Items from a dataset
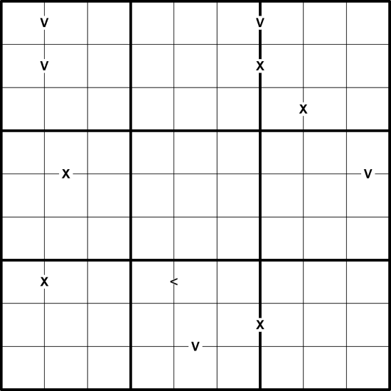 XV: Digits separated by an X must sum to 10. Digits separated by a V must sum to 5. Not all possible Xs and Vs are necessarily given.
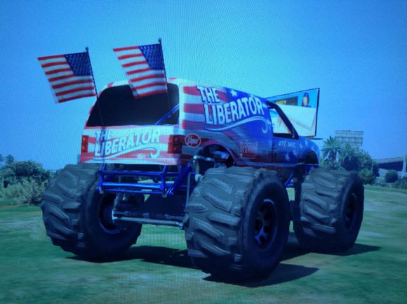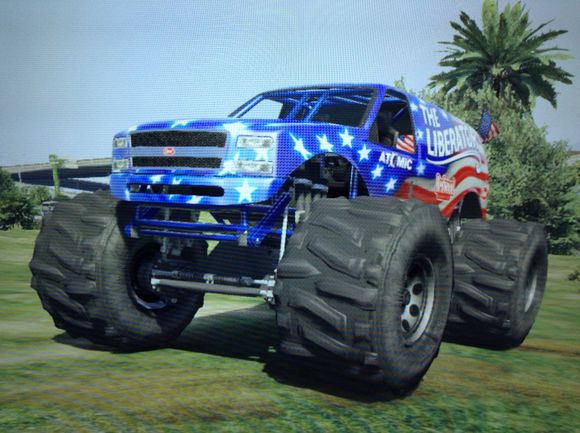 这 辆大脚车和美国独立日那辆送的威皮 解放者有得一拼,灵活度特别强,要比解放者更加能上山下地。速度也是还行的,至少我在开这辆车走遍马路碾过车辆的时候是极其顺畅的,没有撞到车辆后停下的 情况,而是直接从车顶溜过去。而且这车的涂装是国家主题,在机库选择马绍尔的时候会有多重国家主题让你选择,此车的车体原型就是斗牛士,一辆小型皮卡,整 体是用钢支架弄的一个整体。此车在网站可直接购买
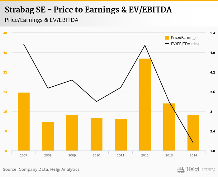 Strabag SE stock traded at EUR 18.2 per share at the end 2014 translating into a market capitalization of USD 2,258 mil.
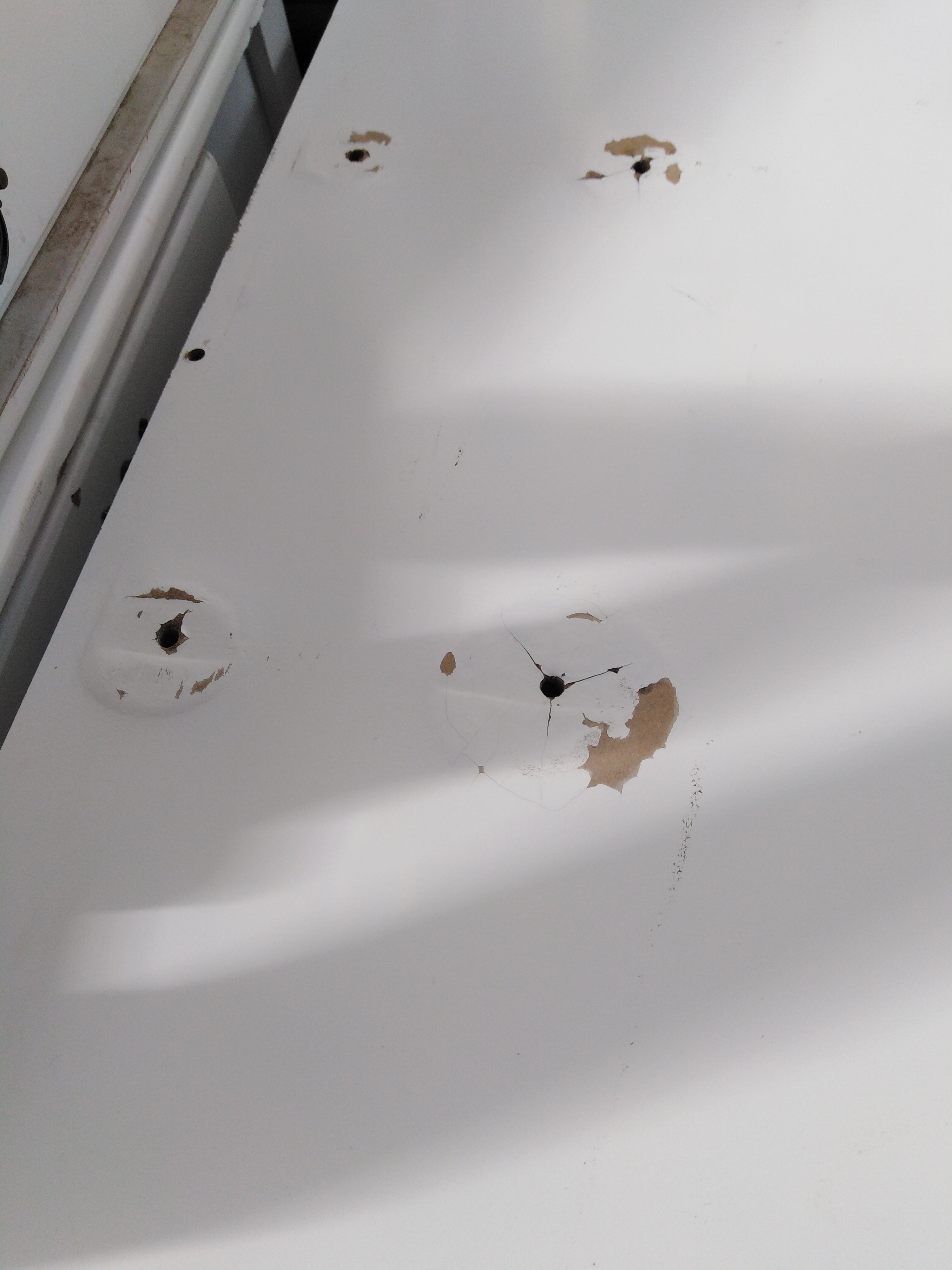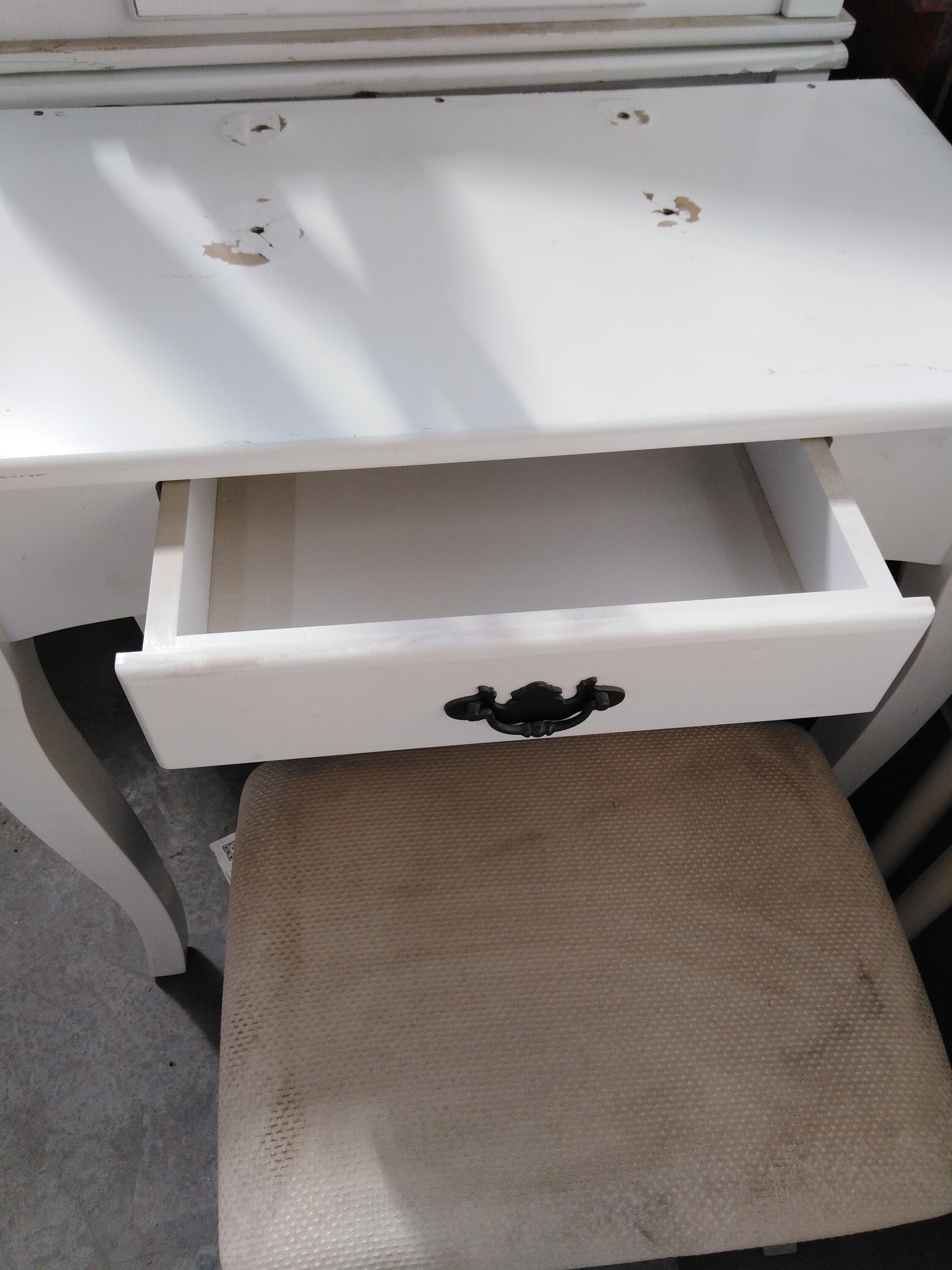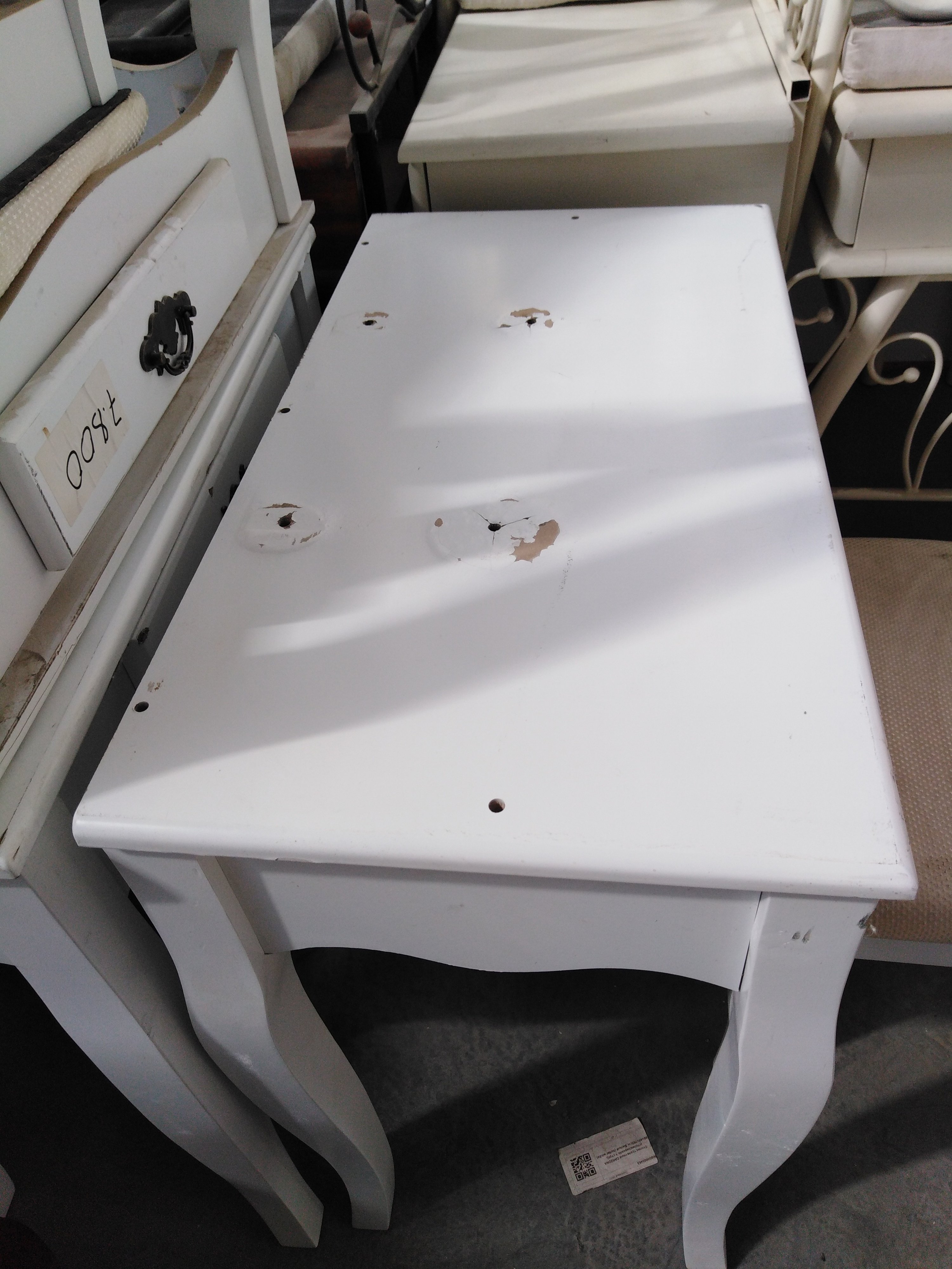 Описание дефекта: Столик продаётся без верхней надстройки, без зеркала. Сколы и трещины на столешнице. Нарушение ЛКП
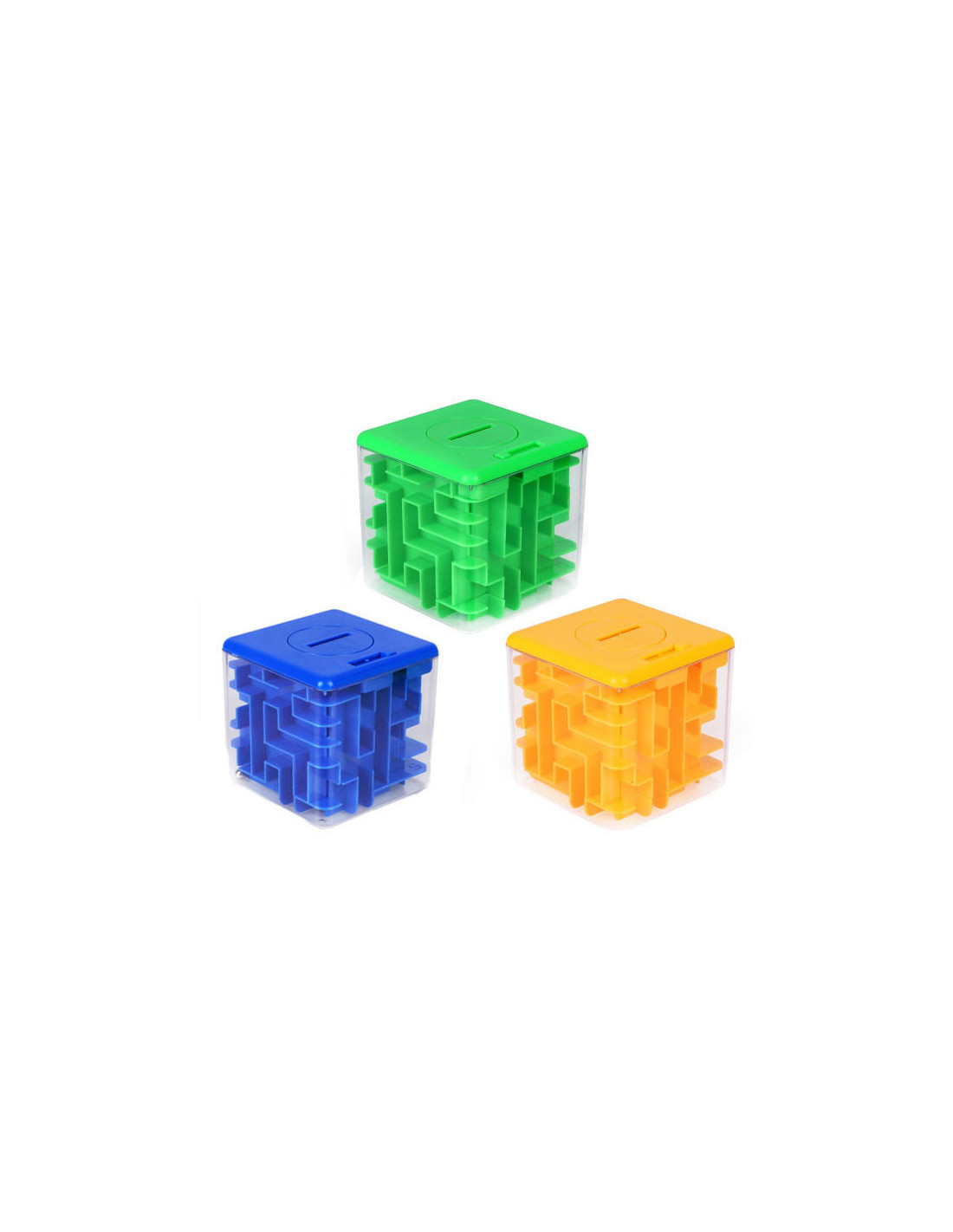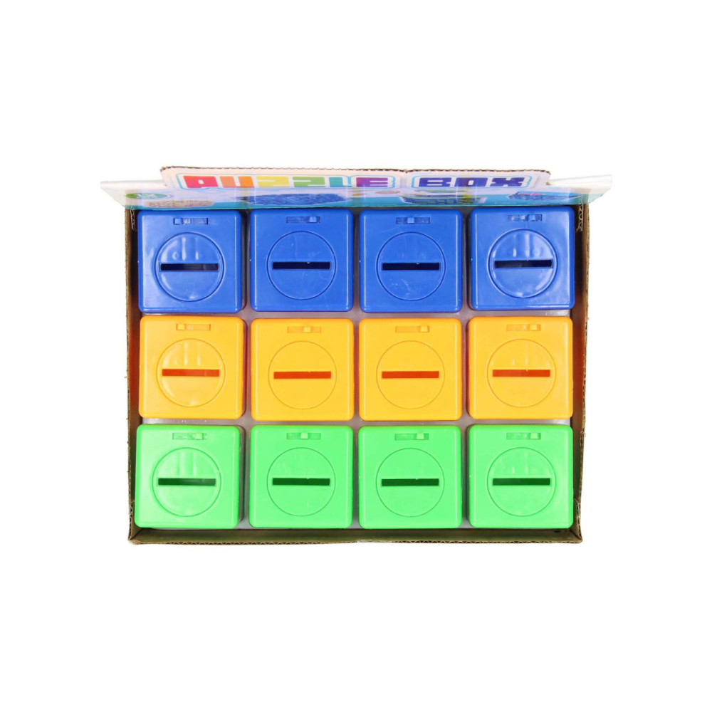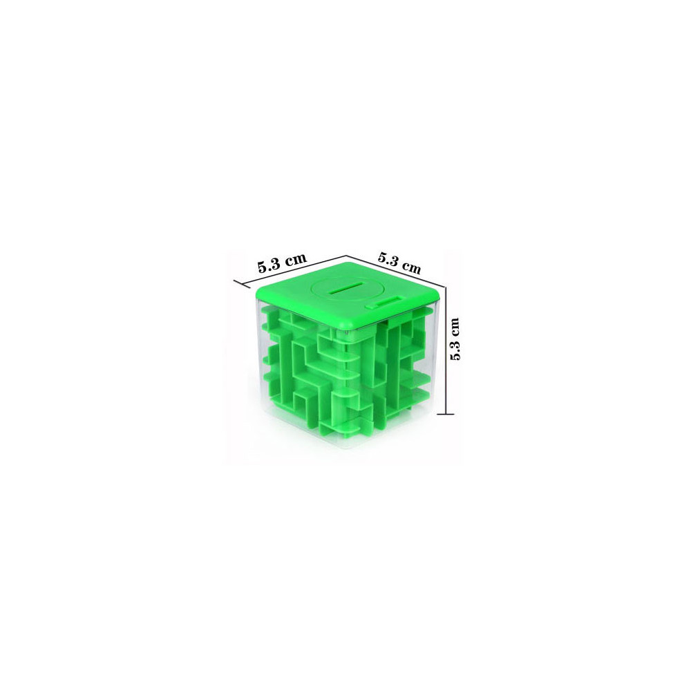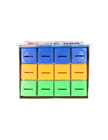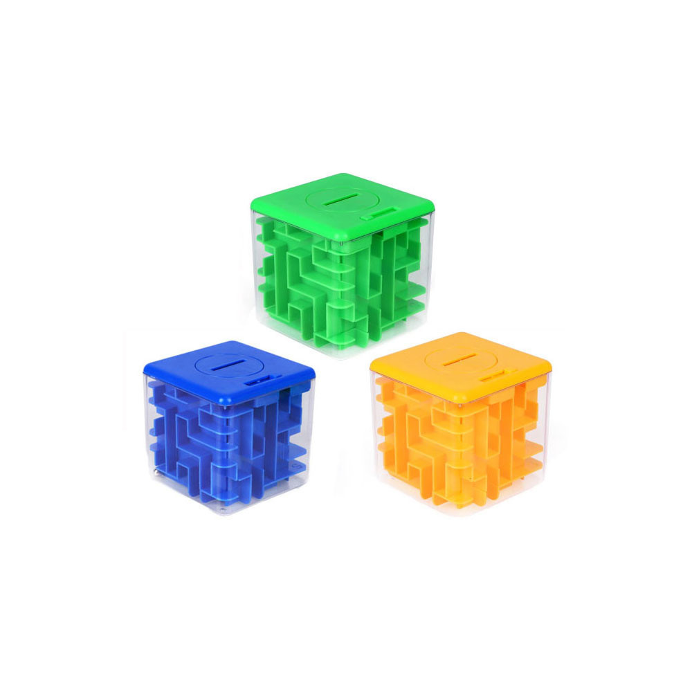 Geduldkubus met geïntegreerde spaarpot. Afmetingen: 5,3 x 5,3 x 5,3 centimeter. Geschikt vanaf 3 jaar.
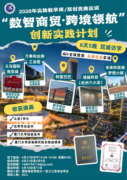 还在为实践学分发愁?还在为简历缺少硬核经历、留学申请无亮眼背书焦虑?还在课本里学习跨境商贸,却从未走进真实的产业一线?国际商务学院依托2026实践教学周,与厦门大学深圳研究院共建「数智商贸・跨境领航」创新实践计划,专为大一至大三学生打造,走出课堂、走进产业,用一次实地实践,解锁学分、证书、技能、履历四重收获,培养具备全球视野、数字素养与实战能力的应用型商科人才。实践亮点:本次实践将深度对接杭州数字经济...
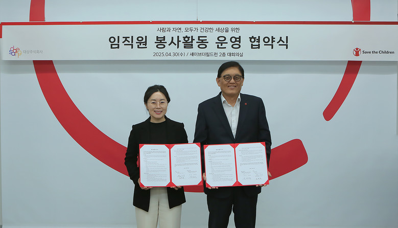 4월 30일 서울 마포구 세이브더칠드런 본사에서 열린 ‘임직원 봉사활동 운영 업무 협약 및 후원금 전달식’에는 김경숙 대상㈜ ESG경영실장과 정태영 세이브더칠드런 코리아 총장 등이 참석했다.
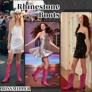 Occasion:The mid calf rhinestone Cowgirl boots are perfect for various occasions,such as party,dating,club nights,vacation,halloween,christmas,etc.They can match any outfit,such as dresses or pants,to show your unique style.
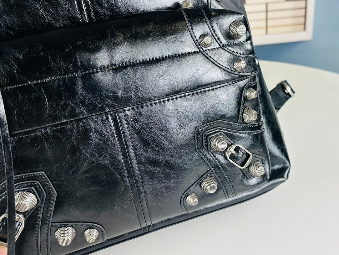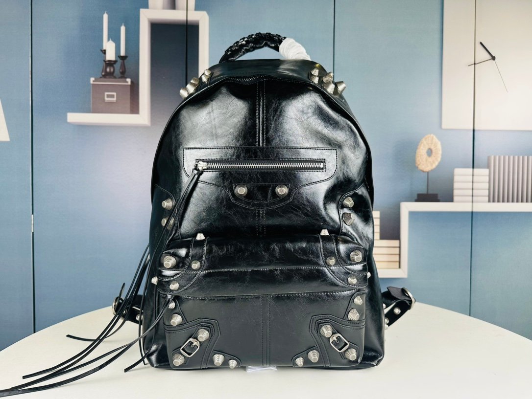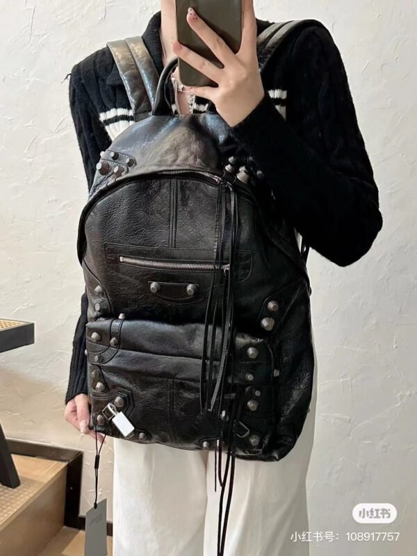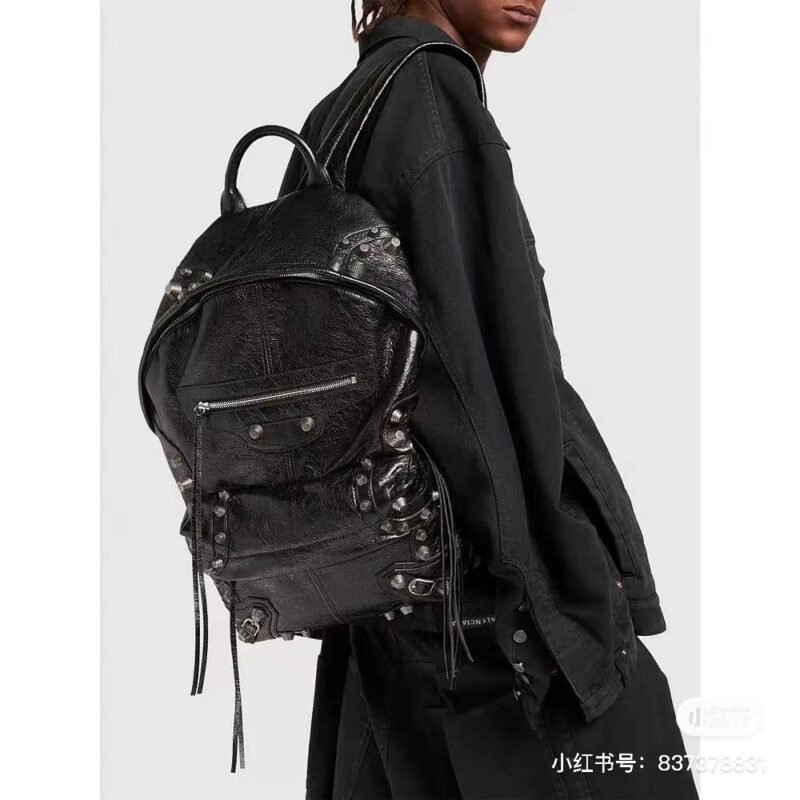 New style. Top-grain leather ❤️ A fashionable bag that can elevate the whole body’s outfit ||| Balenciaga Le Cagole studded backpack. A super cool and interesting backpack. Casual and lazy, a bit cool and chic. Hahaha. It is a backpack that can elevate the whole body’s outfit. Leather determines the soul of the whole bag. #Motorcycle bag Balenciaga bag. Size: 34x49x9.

## WORK REQUIRED
Once the images are removed, print the remaining data exactly as it appears above.

## RESULT
 XV: Digits separated by an X must sum to 10. Digits separated by a V must sum to 5. Not all possible Xs and Vs are necessarily given.
 这 辆大脚车和美国独立日那辆送的威皮 解放者有得一拼,灵活度特别强,要比解放者更加能上山下地。速度也是还行的,至少我在开这辆车走遍马路碾过车辆的时候是极其顺畅的,没有撞到车辆后停下的 情况,而是直接从车顶溜过去。而且这车的涂装是国家主题,在机库选择马绍尔的时候会有多重国家主题让你选择,此车的车体原型就是斗牛士,一辆小型皮卡,整 体是用钢支架弄的一个整体。此车在网站可直接购买
 Strabag SE stock traded at EUR 18.2 per share at the end 2014 translating into a market capitalization of USD 2,258 mil.
 Описание дефекта: Столик продаётся без верхней надстройки, без зеркала. Сколы и трещины на столешнице. Нарушение ЛКП
 Geduldkubus met geïntegreerde spaarpot. Afmetingen: 5,3 x 5,3 x 5,3 centimeter. Geschikt vanaf 3 jaar.
 还在为实践学分发愁?还在为简历缺少硬核经历、留学申请无亮眼背书焦虑?还在课本里学习跨境商贸,却从未走进真实的产业一线?国际商务学院依托2026实践教学周,与厦门大学深圳研究院共建「数智商贸・跨境领航」创新实践计划,专为大一至大三学生打造,走出课堂、走进产业,用一次实地实践,解锁学分、证书、技能、履历四重收获,培养具备全球视野、数字素养与实战能力的应用型商科人才。实践亮点:本次实践将深度对接杭州数字经济...
 4월 30일 서울 마포구 세이브더칠드런 본사에서 열린 ‘임직원 봉사활동 운영 업무 협약 및 후원금 전달식’에는 김경숙 대상㈜ ESG경영실장과 정태영 세이브더칠드런 코리아 총장 등이 참석했다.
 Occasion:The mid calf rhinestone Cowgirl boots are perfect for various occasions,such as party,dating,club nights,vacation,halloween,christmas,etc.They can match any outfit,such as dresses or pants,to show your unique style.
 New style. Top-grain leather ❤️ A fashionable bag that can elevate the whole body’s outfit ||| Balenciaga Le Cagole studded backpack. A super cool and interesting backpack. Casual and lazy, a bit cool and chic. Hahaha. It is a backpack that can elevate the whole body’s outfit. Leather determines the soul of the whole bag. #Motorcycle bag Balenciaga bag. Size: 34x49x9.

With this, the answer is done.